*** Opening Provided data ***

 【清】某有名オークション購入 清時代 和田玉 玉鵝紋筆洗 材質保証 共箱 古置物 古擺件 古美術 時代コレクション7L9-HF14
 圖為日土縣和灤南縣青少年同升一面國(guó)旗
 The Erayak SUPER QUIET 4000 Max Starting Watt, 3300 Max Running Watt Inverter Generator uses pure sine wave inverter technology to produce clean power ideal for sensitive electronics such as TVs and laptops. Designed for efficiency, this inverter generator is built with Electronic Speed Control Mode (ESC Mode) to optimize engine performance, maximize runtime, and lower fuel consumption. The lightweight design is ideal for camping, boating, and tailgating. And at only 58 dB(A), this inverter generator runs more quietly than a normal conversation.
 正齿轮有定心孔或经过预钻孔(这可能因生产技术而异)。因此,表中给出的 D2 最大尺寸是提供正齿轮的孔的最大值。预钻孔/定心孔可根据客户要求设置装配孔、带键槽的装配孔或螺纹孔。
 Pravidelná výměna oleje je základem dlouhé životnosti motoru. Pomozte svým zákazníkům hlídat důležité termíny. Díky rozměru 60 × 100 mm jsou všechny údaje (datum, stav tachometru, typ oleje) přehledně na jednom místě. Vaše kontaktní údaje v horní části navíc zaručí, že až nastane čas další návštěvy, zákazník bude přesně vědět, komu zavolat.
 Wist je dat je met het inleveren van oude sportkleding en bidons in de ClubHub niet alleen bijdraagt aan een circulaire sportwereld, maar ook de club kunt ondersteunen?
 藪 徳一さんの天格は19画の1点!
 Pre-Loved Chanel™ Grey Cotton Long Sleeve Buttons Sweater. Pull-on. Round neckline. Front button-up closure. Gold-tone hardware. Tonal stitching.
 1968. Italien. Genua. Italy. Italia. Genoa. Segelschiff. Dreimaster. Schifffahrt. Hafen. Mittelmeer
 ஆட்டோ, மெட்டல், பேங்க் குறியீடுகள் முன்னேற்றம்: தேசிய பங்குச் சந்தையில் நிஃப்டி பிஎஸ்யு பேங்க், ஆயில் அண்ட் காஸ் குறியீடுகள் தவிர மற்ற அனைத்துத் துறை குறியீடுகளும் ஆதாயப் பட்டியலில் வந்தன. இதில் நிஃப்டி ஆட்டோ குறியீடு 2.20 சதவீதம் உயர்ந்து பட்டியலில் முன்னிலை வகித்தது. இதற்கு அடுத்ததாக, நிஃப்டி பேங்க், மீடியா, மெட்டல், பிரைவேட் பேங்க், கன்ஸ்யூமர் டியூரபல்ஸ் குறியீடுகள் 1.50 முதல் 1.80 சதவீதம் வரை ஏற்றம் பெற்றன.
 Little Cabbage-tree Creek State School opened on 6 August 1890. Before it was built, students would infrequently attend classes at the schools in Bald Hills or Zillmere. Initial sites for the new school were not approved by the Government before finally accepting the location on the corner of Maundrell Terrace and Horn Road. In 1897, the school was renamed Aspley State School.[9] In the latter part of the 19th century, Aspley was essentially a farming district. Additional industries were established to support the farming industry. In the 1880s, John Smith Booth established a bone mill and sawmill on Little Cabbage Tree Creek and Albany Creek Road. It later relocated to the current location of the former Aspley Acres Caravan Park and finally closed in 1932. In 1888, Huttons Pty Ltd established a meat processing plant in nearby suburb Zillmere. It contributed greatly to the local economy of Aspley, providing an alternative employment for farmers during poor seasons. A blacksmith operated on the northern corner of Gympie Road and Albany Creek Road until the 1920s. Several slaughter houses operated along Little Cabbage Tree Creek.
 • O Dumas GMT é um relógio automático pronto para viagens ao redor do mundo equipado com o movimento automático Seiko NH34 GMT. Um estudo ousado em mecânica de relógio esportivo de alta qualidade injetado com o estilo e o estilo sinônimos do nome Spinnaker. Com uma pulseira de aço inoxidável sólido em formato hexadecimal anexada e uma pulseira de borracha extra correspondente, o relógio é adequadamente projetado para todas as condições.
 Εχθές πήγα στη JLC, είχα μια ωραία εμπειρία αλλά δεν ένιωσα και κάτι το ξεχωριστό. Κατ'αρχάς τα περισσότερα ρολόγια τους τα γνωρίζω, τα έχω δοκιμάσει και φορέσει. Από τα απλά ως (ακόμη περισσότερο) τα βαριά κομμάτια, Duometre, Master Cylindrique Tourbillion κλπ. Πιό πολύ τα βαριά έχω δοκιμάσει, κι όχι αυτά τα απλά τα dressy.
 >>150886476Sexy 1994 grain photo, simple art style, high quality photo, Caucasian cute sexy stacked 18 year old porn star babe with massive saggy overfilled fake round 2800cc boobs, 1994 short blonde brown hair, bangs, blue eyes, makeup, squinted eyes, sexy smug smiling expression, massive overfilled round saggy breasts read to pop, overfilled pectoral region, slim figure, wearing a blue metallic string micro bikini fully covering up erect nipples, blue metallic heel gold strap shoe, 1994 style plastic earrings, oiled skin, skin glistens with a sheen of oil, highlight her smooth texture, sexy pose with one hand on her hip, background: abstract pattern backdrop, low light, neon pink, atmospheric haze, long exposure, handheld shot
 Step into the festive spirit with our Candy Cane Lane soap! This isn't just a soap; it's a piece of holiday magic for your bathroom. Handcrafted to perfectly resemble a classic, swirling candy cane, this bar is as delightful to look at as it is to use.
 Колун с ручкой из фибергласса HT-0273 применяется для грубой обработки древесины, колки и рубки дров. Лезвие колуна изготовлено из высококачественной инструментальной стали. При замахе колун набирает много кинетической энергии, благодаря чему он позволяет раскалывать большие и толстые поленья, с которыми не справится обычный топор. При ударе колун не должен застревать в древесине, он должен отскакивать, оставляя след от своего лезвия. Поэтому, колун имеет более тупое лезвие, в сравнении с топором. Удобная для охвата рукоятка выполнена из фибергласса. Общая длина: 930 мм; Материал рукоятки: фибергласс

*** Closing Provided data ***

● Required action
Taking the entries above, write out exactly the lines starting with the line containing "1968. Italien. Genua." and going on through the line containing "ஆட்டோ, மெட்டல், பேங்க்", both included, and nothing else.

● Answer for the task
 1968. Italien. Genua. Italy. Italia. Genoa. Segelschiff. Dreimaster. Schifffahrt. Hafen. Mittelmeer
 ஆட்டோ, மெட்டல், பேங்க் குறியீடுகள் முன்னேற்றம்: தேசிய பங்குச் சந்தையில் நிஃப்டி பிஎஸ்யு பேங்க், ஆயில் அண்ட் காஸ் குறியீடுகள் தவிர மற்ற அனைத்துத் துறை குறியீடுகளும் ஆதாயப் பட்டியலில் வந்தன. இதில் நிஃப்டி ஆட்டோ குறியீடு 2.20 சதவீதம் உயர்ந்து பட்டியலில் முன்னிலை வகித்தது. இதற்கு அடுத்ததாக, நிஃப்டி பேங்க், மீடியா, மெட்டல், பிரைவேட் பேங்க், கன்ஸ்யூமர் டியூரபல்ஸ் குறியீடுகள் 1.50 முதல் 1.80 சதவீதம் வரை ஏற்றம் பெற்றன.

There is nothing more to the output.